Records from a collection >>

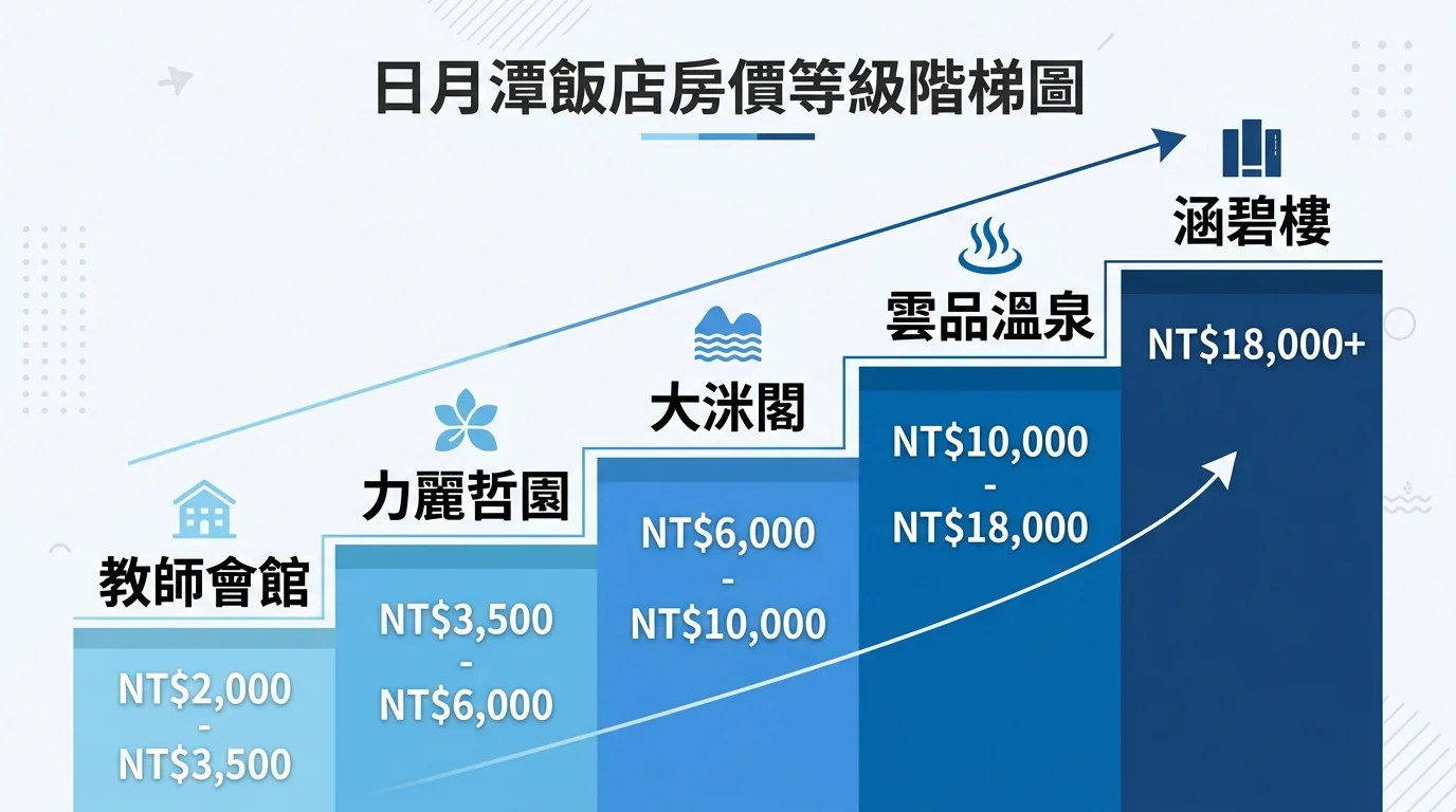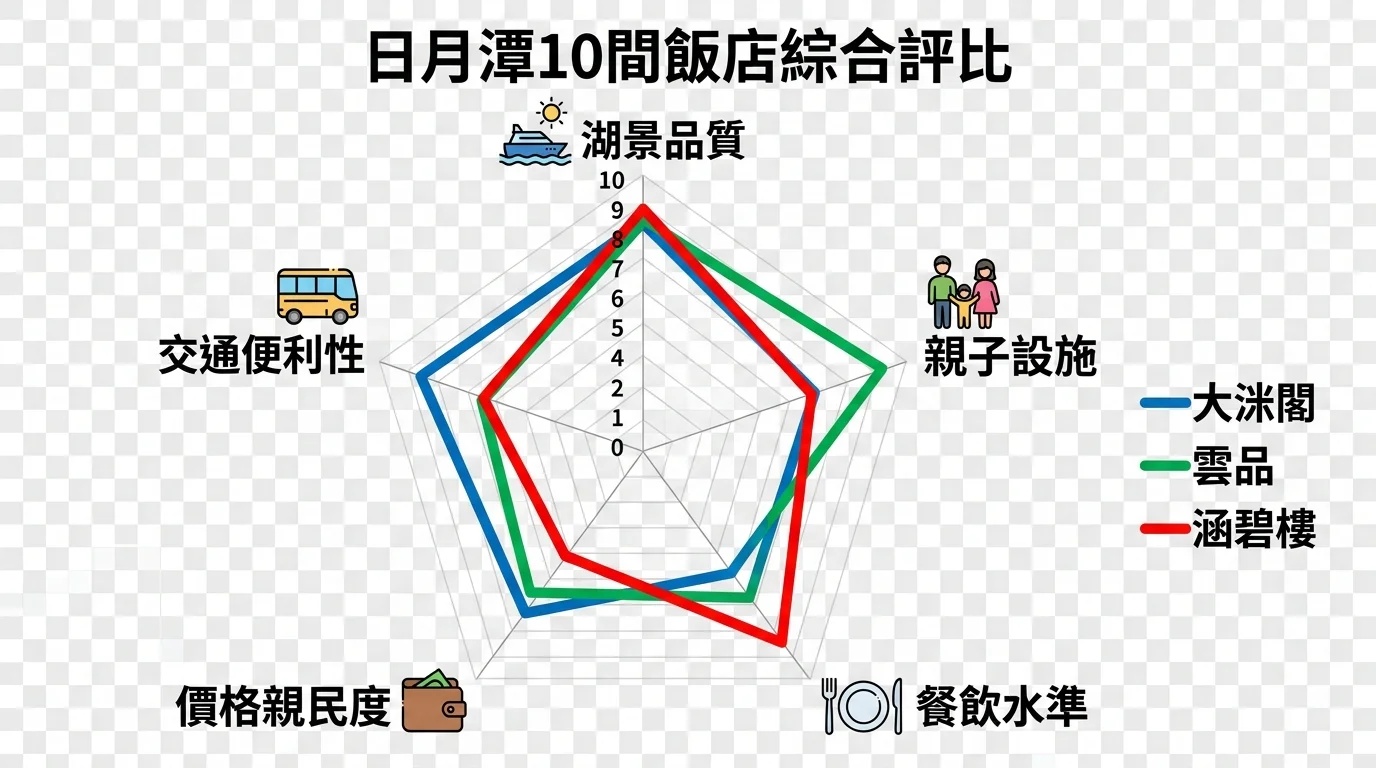 | 潭日月飯店 | 4.4 | 全房湖景 | $4,500-6,500 | 情侶、小家庭 | ★★★★☆ |
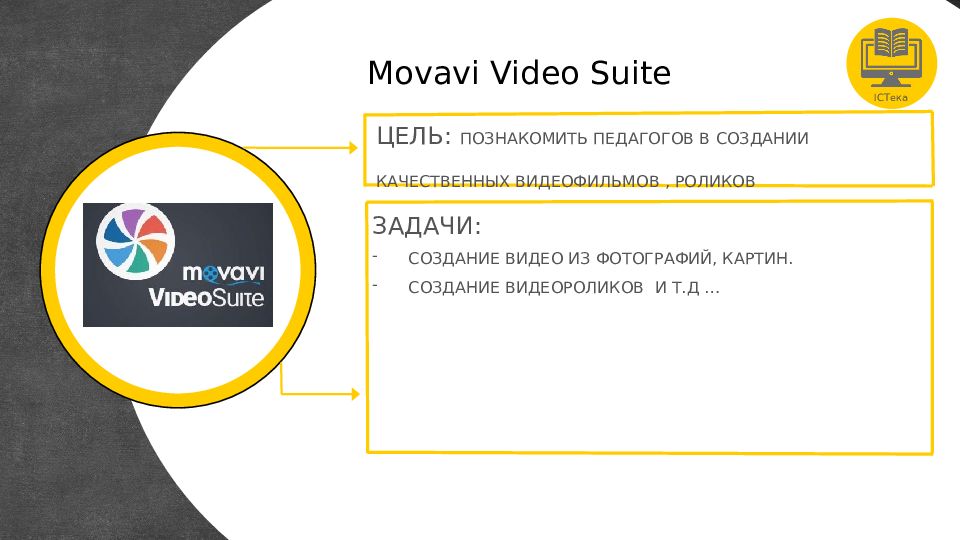 ICTека Movavi Video Suite ЦЕЛЬ: ПОЗНАКОМИТЬ ПЕДАГОГОВ В СОЗДАНИИ КАЧЕСТВЕННЫХ ВИДЕОФИЛЬМОВ, РОЛИКОВ ЗАДАЧИ: СОЗДАНИЕ ВИДЕО ИЗ ФОТОГРАФИЙ, КАРТИН. СОЗДАНИЕ ВИДЕОРОЛИКОВ И Т.Д …
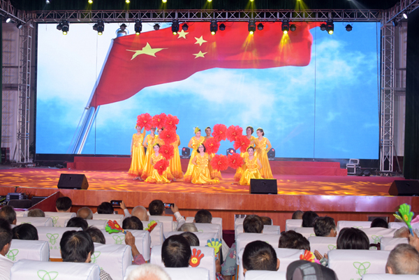 電力公司的腰鼓表演《歡樂喜慶》拉開了展演的帷幕,歡快的鼓點、躍動的舞姿展現出改革開放40年來農場職工群眾滿滿的幸福感和獲得感;來自一生產區的小合唱《祝福祖國》喉清韻雅,以歌聲代語言,抒情銘志,唱出了對祖國的美好祝愿;漁場公司表演的《紅色傳承》,帶觀眾走進那段激情燃燒的歲月;綠農園公司帶來的《幸福舞起來》將舞蹈與現實影像有機融合,呈現給觀眾美麗臨海花園農場綠色畫卷下的優美舞姿,讓觀眾眼前一亮........精彩紛呈的節目展現了廣場舞多樣的美,精彩的表演贏得現場觀眾陣陣掌聲。
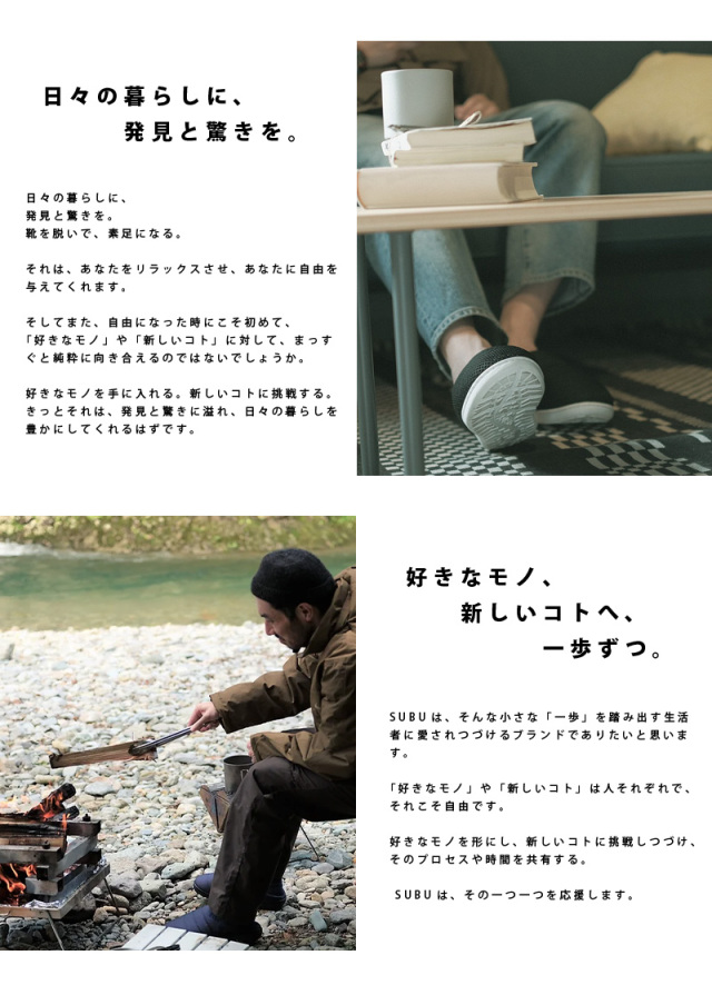 冬の新しい足元をデザインするSUBUと、機能性や品質をこだわり抜くNANGAがコラボしたサンダルが登場しました。 サンダルは夏のもの、そんなイメージを一掃する今までにない冬用サンダル。 今回はアッパー部分にNANGA独自の多孔質ポリウレタン防水コーティング素材「AURORA-TEX」を採用。AURORA-TEXは防水性を高めさらに蒸気透湿性を高める性質をもつので、外出時の雨や汚れを防ぎつつムレを放出してくれることによって快適さを保ちます。 またクッション性の高い厚みのある4層構造のインソール部分には、アブストラクトカモ柄をプリントとした起毛加工で内側の保温性・デザイン性にもこだわりました。ライニングとともに足全体にフィットする快適な履き心地にくわえ、厚みがあることによって地面からの冷気も防いでくれます。 ディテールはSUBUそのままのキルティングデザインに、中央に配置したNANGAのロゴがアクセントになった一足です。 付属の収納袋も従来のSUBUのものとは全く異なり、2つのブランドロゴが真ん中に大きく配置されたメッシュ素材のスポーティーなデザインとなっております。 SUBUとNANGAがデザイン・機能性・履き心地すべてにこだわり抜いたアイテムは、デイリーユースだけでなくアウトドアで大活躍すること間違いなし。一度履くと手放せなくなるくらい優しい履き心地は、冬のマストアイテムになるのではないでしょうか。自分用にはもちろん、男女問わずプレゼントにも喜ばれる一足です。 |
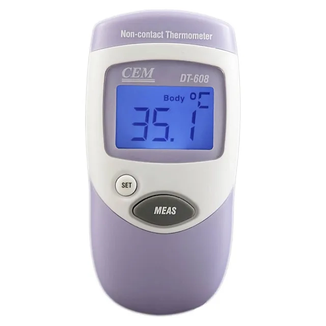 Пирометр CEM DT-608 — устройство для бесконтактного измерения температуры человеческого тела в диапазоне 35 до 42 ºC и поверхностей в диапазоне 0 до 60 ºC с высокой точностью 0,1 ºС. Для наглядности и оперативности все показания отображаются на контрастном дисплее с подсветкой. Данный прибор будет очень полезен на крупных предприятиях, транспортных узлах, в торговых центрах, а также в других объектах, где необходимо оперативно обнаружить людей с повышением температуры.
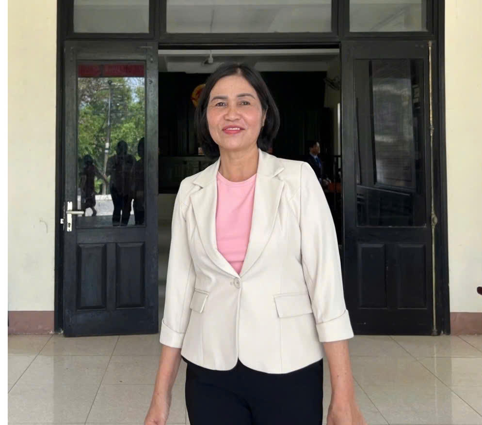 Bà Nguyệt nở nụ cười tươi sau phiên xét xử. |
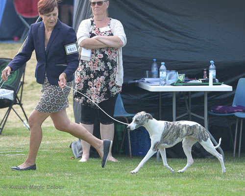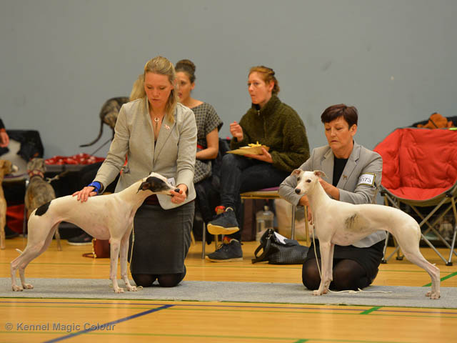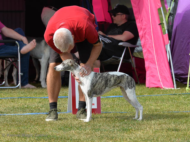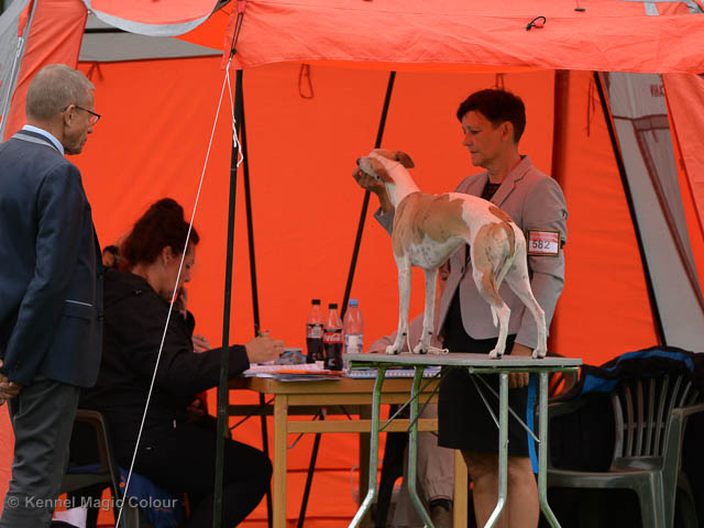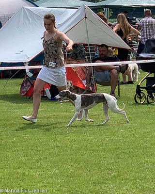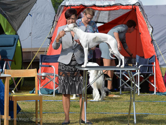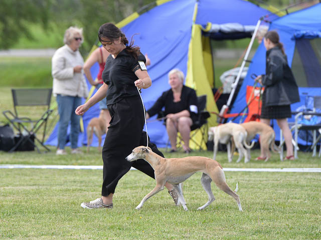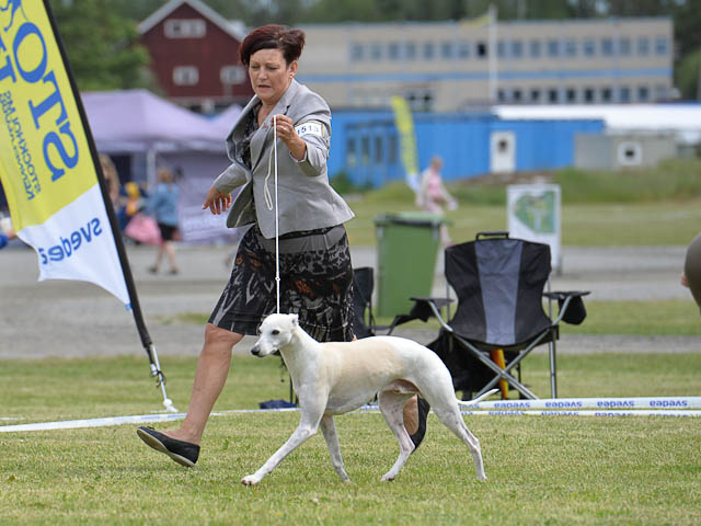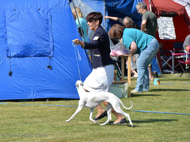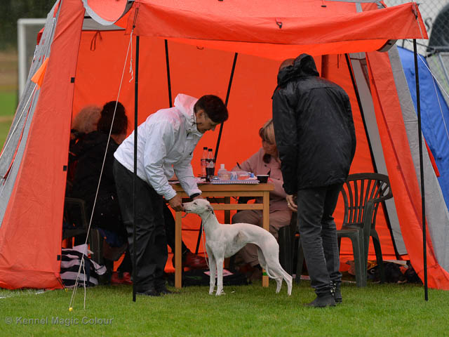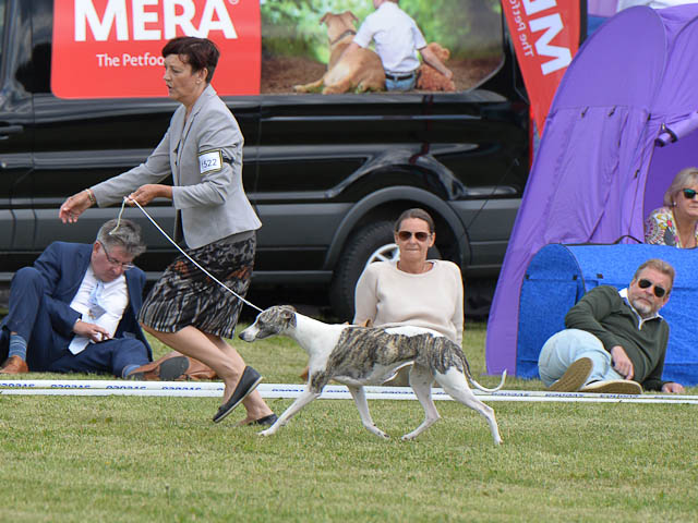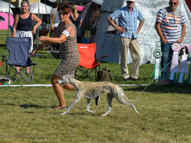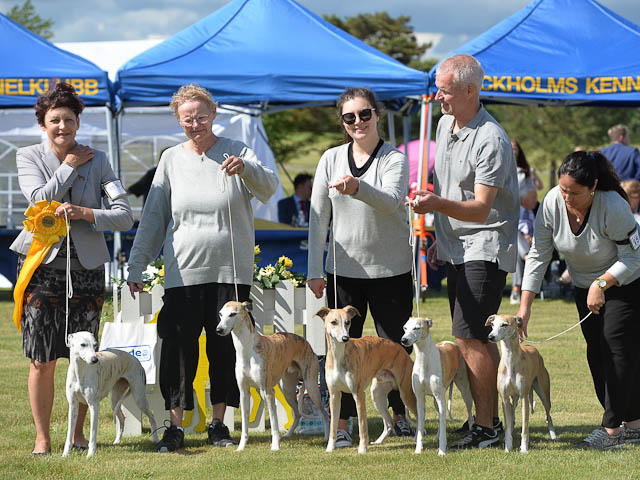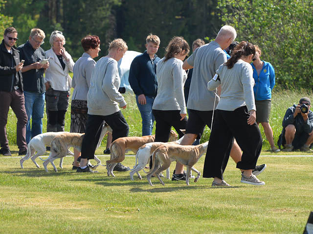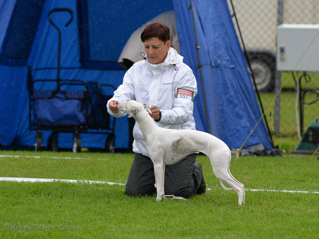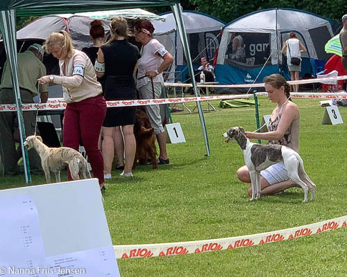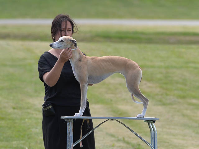 2019-08-10 NDS i Askersund Idag har vi varit på National Dog Show (NDS) i Askersund. Totalt var det anmäld 34 whippets och domare var Hans Almgren från Sverige. Från MC deltog Pippi – Magic Colour Sail By The Stars, Bella – Magic Colour Blond Sail, Viking – Magic Colour Captain Tyler, Lovis – magic Colour Love Me Cowboy, Scarlet – Magic Colour Scarlet Tyler och Candy – magic Colour Sugar Candy. Vi hade inte lika mycket tur med vädret, som i Svenstavik helgen innan. Det var ihållande regn när valparna och Vicke var på och sedan var det uppehåll när tjejerna skulle på. Vilken dag det blev för MC – alla sex hundar fick fina kritiker. Stämningen i MC-gänget var i topp och helt opåverkat av det dåliga vädret. Stort tack för all hjälp med hundvakt, fotande och för ni ställer upp och gör det möjligt för oss. Ett extra tack till Vibeke och Henning som stannade kvar till finalerna i det dåliga vädret. Deltagande hundars resultatMagic Colour Blond Sail (Bella) HP-1, BIR-Valp, oplacerad i BIS-finalenMagic Colour Captain Tyler (Viking) EXC-3Magic Colour Love Me Cowboy (Lovis) EXC-4Magic Colour Scarlet Tyler (Scarlet) EXC-1, CQ, BF-1, CAC, BOSMagic Colour Sail By The Stars (Pippi) HP-2Uppfödergrupp/Breeder group HP-1 BIR Team Magic Colour Bella Pippi Viking Lovis Scarlet Candy

EXERCISE DIRECTIONS >> Without any of its images, the data above should be returned exactly.

EXPECTED OUTPUT >>
 | 潭日月飯店 | 4.4 | 全房湖景 | $4,500-6,500 | 情侶、小家庭 | ★★★★☆ |
 ICTека Movavi Video Suite ЦЕЛЬ: ПОЗНАКОМИТЬ ПЕДАГОГОВ В СОЗДАНИИ КАЧЕСТВЕННЫХ ВИДЕОФИЛЬМОВ, РОЛИКОВ ЗАДАЧИ: СОЗДАНИЕ ВИДЕО ИЗ ФОТОГРАФИЙ, КАРТИН. СОЗДАНИЕ ВИДЕОРОЛИКОВ И Т.Д …
 電力公司的腰鼓表演《歡樂喜慶》拉開了展演的帷幕,歡快的鼓點、躍動的舞姿展現出改革開放40年來農場職工群眾滿滿的幸福感和獲得感;來自一生產區的小合唱《祝福祖國》喉清韻雅,以歌聲代語言,抒情銘志,唱出了對祖國的美好祝愿;漁場公司表演的《紅色傳承》,帶觀眾走進那段激情燃燒的歲月;綠農園公司帶來的《幸福舞起來》將舞蹈與現實影像有機融合,呈現給觀眾美麗臨海花園農場綠色畫卷下的優美舞姿,讓觀眾眼前一亮........精彩紛呈的節目展現了廣場舞多樣的美,精彩的表演贏得現場觀眾陣陣掌聲。
 冬の新しい足元をデザインするSUBUと、機能性や品質をこだわり抜くNANGAがコラボしたサンダルが登場しました。 サンダルは夏のもの、そんなイメージを一掃する今までにない冬用サンダル。 今回はアッパー部分にNANGA独自の多孔質ポリウレタン防水コーティング素材「AURORA-TEX」を採用。AURORA-TEXは防水性を高めさらに蒸気透湿性を高める性質をもつので、外出時の雨や汚れを防ぎつつムレを放出してくれることによって快適さを保ちます。 またクッション性の高い厚みのある4層構造のインソール部分には、アブストラクトカモ柄をプリントとした起毛加工で内側の保温性・デザイン性にもこだわりました。ライニングとともに足全体にフィットする快適な履き心地にくわえ、厚みがあることによって地面からの冷気も防いでくれます。 ディテールはSUBUそのままのキルティングデザインに、中央に配置したNANGAのロゴがアクセントになった一足です。 付属の収納袋も従来のSUBUのものとは全く異なり、2つのブランドロゴが真ん中に大きく配置されたメッシュ素材のスポーティーなデザインとなっております。 SUBUとNANGAがデザイン・機能性・履き心地すべてにこだわり抜いたアイテムは、デイリーユースだけでなくアウトドアで大活躍すること間違いなし。一度履くと手放せなくなるくらい優しい履き心地は、冬のマストアイテムになるのではないでしょうか。自分用にはもちろん、男女問わずプレゼントにも喜ばれる一足です。 |
 Пирометр CEM DT-608 — устройство для бесконтактного измерения температуры человеческого тела в диапазоне 35 до 42 ºC и поверхностей в диапазоне 0 до 60 ºC с высокой точностью 0,1 ºС. Для наглядности и оперативности все показания отображаются на контрастном дисплее с подсветкой. Данный прибор будет очень полезен на крупных предприятиях, транспортных узлах, в торговых центрах, а также в других объектах, где необходимо оперативно обнаружить людей с повышением температуры.
 Bà Nguyệt nở nụ cười tươi sau phiên xét xử. |
 2019-08-10 NDS i Askersund Idag har vi varit på National Dog Show (NDS) i Askersund. Totalt var det anmäld 34 whippets och domare var Hans Almgren från Sverige. Från MC deltog Pippi – Magic Colour Sail By The Stars, Bella – Magic Colour Blond Sail, Viking – Magic Colour Captain Tyler, Lovis – magic Colour Love Me Cowboy, Scarlet – Magic Colour Scarlet Tyler och Candy – magic Colour Sugar Candy. Vi hade inte lika mycket tur med vädret, som i Svenstavik helgen innan. Det var ihållande regn när valparna och Vicke var på och sedan var det uppehåll när tjejerna skulle på. Vilken dag det blev för MC – alla sex hundar fick fina kritiker. Stämningen i MC-gänget var i topp och helt opåverkat av det dåliga vädret. Stort tack för all hjälp med hundvakt, fotande och för ni ställer upp och gör det möjligt för oss. Ett extra tack till Vibeke och Henning som stannade kvar till finalerna i det dåliga vädret. Deltagande hundars resultatMagic Colour Blond Sail (Bella) HP-1, BIR-Valp, oplacerad i BIS-finalenMagic Colour Captain Tyler (Viking) EXC-3Magic Colour Love Me Cowboy (Lovis) EXC-4Magic Colour Scarlet Tyler (Scarlet) EXC-1, CQ, BF-1, CAC, BOSMagic Colour Sail By The Stars (Pippi) HP-2Uppfödergrupp/Breeder group HP-1 BIR Team Magic Colour Bella Pippi Viking Lovis Scarlet Candy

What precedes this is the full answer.